** Exercise data **
=== Section Start ===

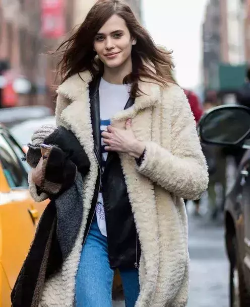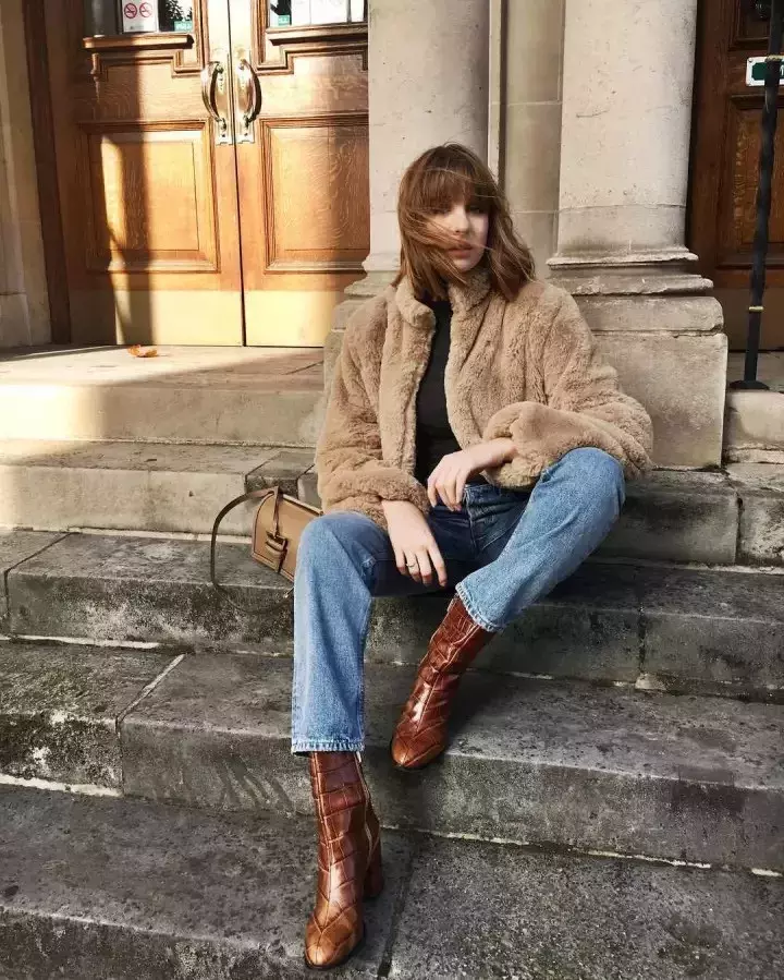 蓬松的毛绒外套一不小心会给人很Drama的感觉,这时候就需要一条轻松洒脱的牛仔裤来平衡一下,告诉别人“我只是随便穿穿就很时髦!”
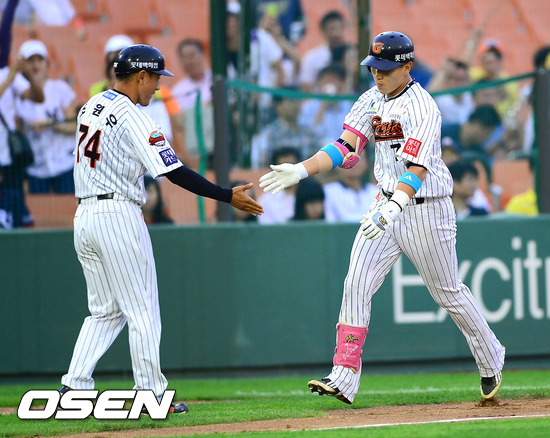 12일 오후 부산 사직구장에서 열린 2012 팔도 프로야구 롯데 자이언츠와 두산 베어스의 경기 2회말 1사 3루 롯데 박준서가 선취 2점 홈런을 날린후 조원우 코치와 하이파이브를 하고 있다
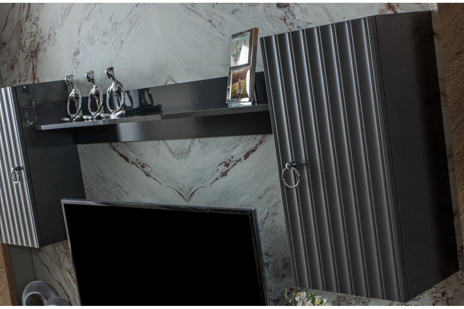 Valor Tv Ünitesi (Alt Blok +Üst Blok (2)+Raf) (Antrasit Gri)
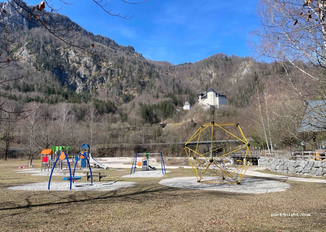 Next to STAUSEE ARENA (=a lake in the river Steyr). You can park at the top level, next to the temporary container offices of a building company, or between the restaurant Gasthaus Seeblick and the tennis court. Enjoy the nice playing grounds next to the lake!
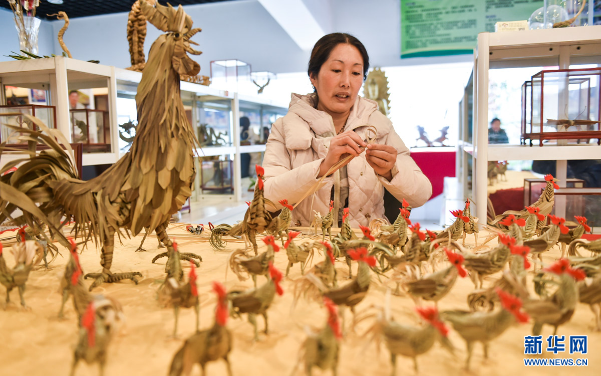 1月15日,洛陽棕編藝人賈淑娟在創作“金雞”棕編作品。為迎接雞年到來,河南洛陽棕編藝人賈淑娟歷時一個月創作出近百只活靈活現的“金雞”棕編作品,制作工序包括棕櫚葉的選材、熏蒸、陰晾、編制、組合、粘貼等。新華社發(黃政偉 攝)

=== Section End ===
=== Section Start ===

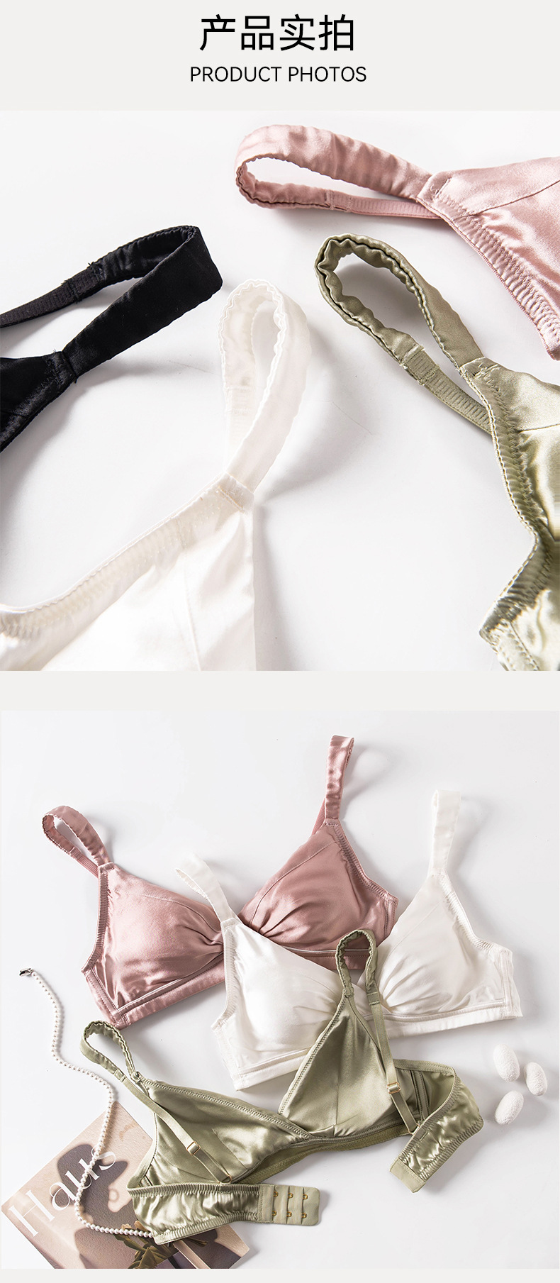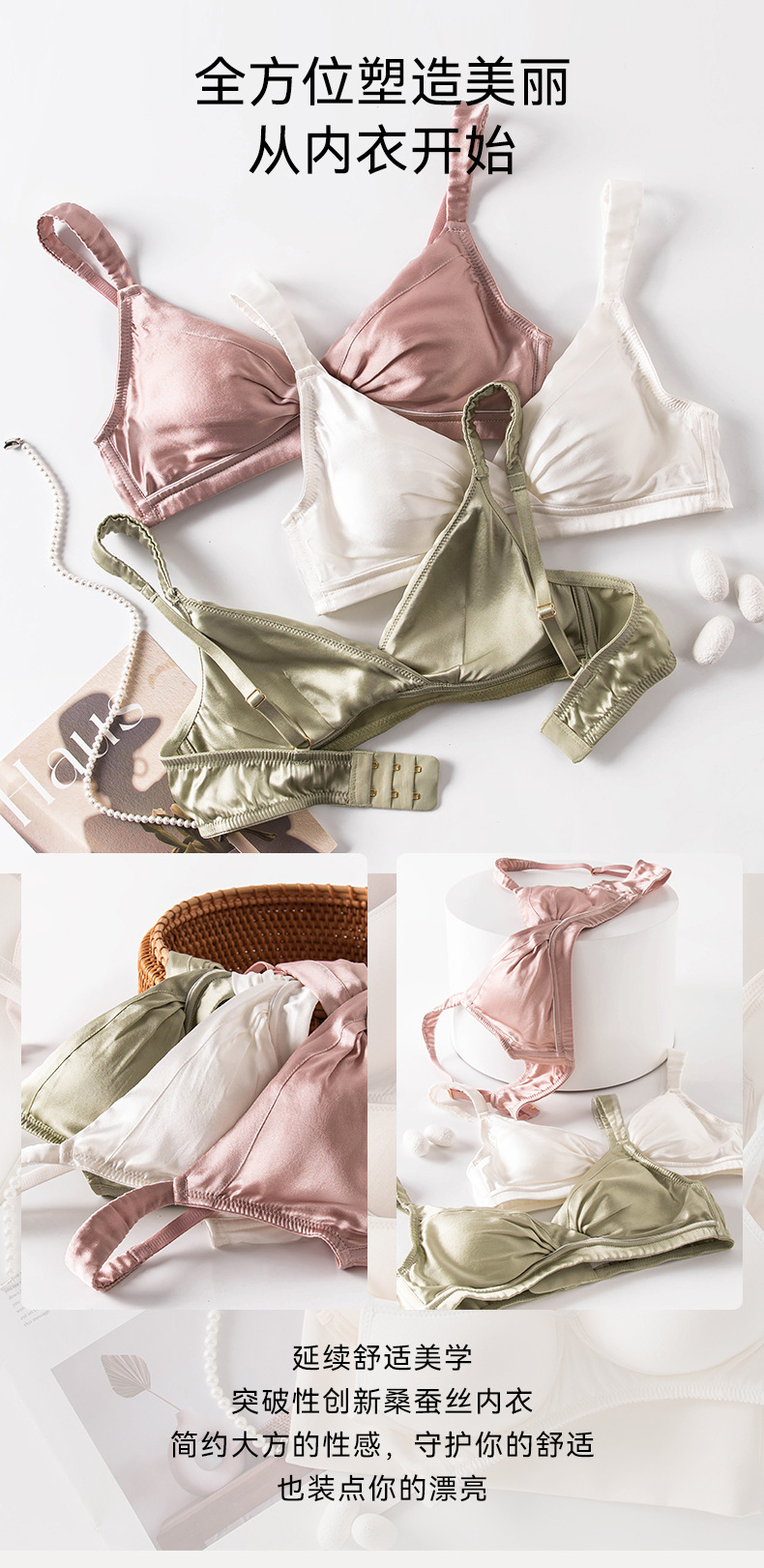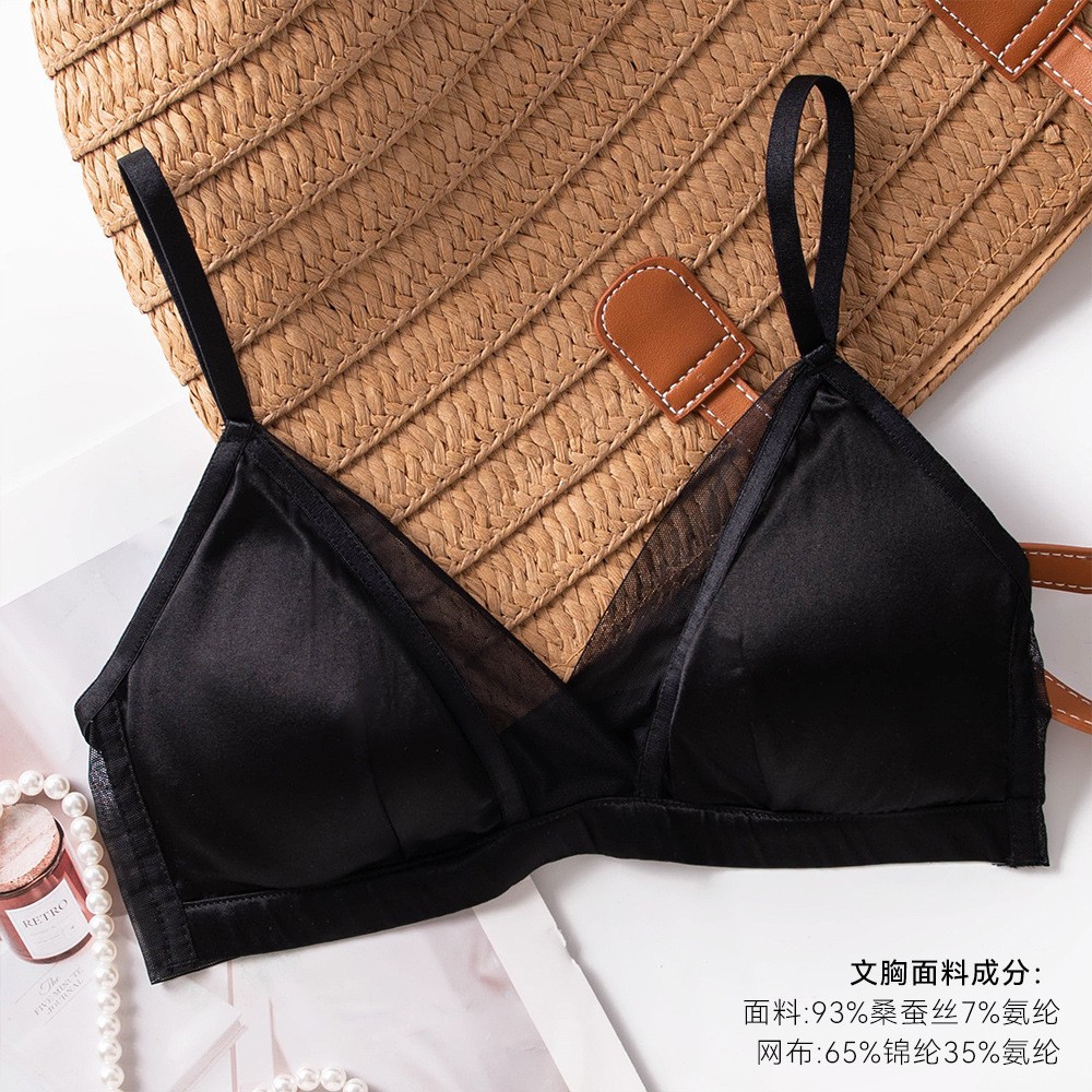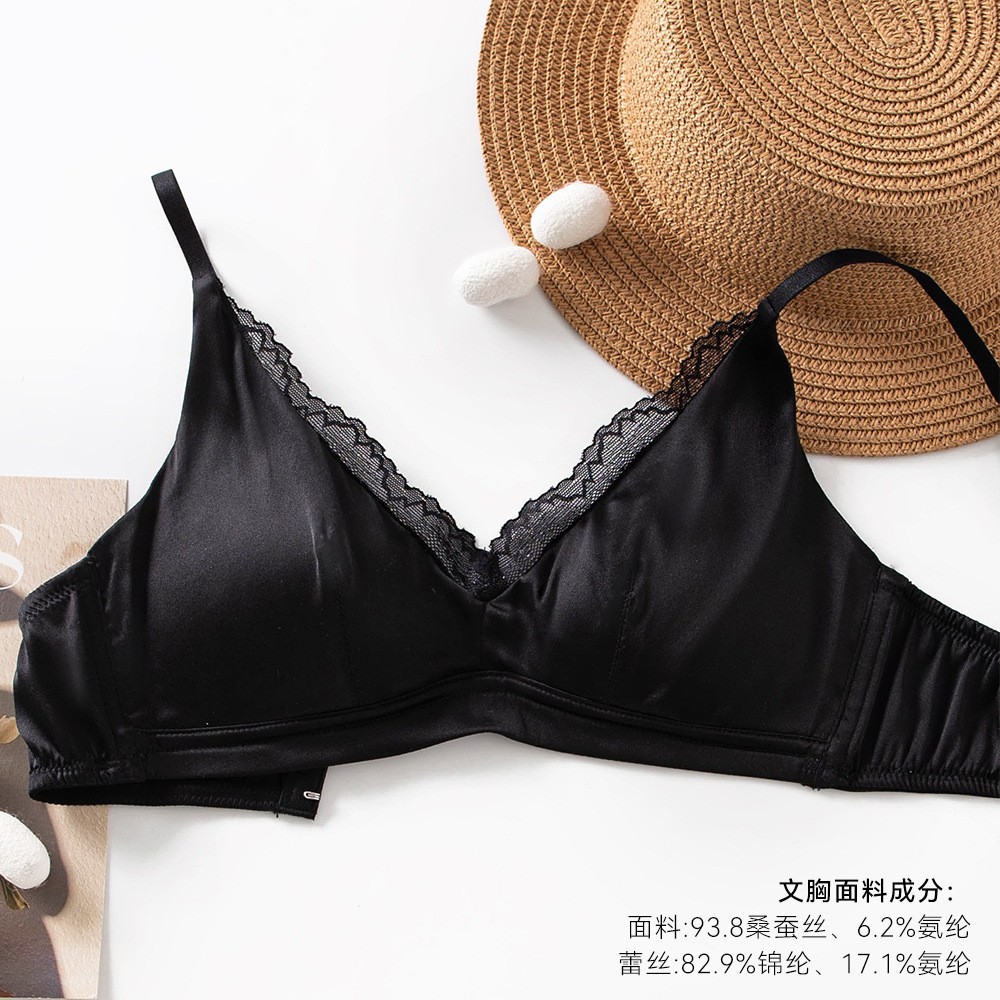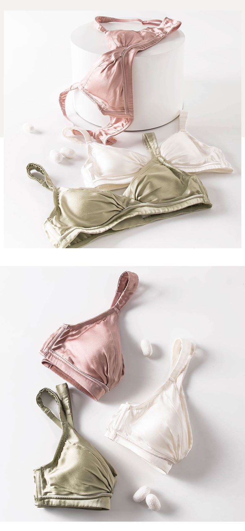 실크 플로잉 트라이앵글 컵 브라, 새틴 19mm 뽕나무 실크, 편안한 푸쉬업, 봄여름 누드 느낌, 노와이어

=== Section End ===
=== Section Start ===

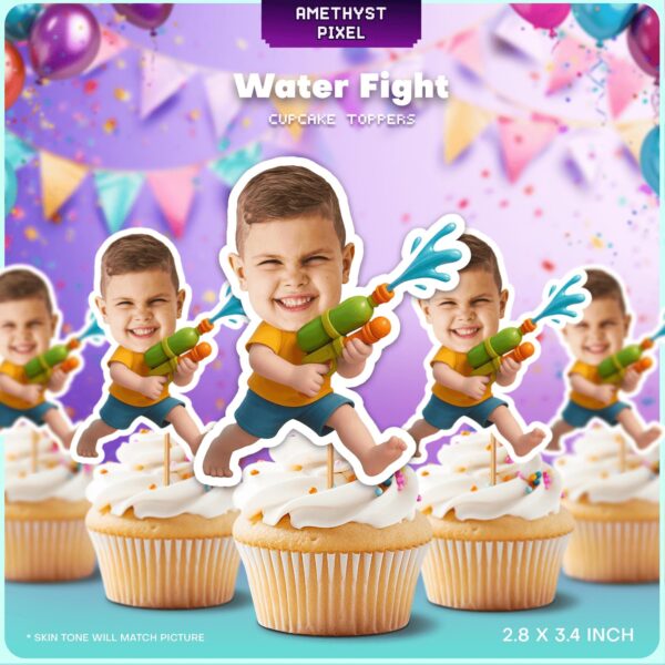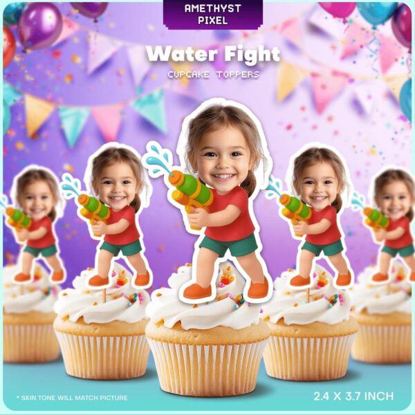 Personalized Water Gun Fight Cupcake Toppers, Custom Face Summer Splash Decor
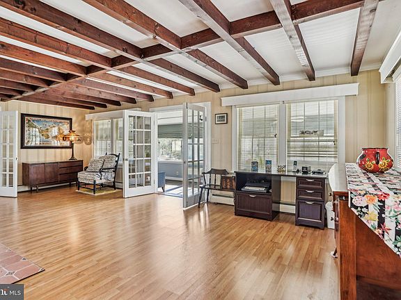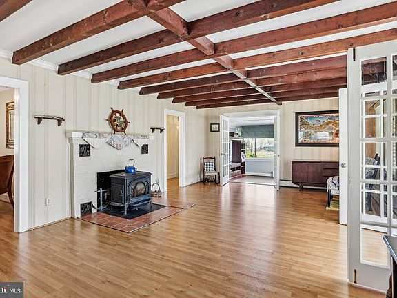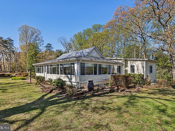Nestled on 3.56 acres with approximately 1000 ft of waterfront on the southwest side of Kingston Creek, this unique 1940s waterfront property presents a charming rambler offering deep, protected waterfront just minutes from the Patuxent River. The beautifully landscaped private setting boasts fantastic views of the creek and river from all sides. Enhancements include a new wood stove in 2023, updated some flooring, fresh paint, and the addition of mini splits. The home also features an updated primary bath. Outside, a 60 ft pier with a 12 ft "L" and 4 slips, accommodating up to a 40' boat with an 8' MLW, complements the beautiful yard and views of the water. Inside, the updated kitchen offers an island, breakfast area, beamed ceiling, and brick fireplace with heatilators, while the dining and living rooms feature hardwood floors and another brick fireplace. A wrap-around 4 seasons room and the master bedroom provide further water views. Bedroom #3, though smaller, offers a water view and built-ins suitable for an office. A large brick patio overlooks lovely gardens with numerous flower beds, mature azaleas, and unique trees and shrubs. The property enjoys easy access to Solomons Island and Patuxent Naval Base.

=== Section End ===

** Exercise brief **
Whatever pictures the records hold, omit them; give again exactly the lines from the one containing "Next to STAUSEE" through the one containing "1月15日,洛陽棕編藝人賈淑".

** Response to the task **
 Next to STAUSEE ARENA (=a lake in the river Steyr). You can park at the top level, next to the temporary container offices of a building company, or between the restaurant Gasthaus Seeblick and the tennis court. Enjoy the nice playing grounds next to the lake!
 1月15日,洛陽棕編藝人賈淑娟在創作“金雞”棕編作品。為迎接雞年到來,河南洛陽棕編藝人賈淑娟歷時一個月創作出近百只活靈活現的“金雞”棕編作品,制作工序包括棕櫚葉的選材、熏蒸、陰晾、編制、組合、粘貼等。新華社發(黃政偉 攝)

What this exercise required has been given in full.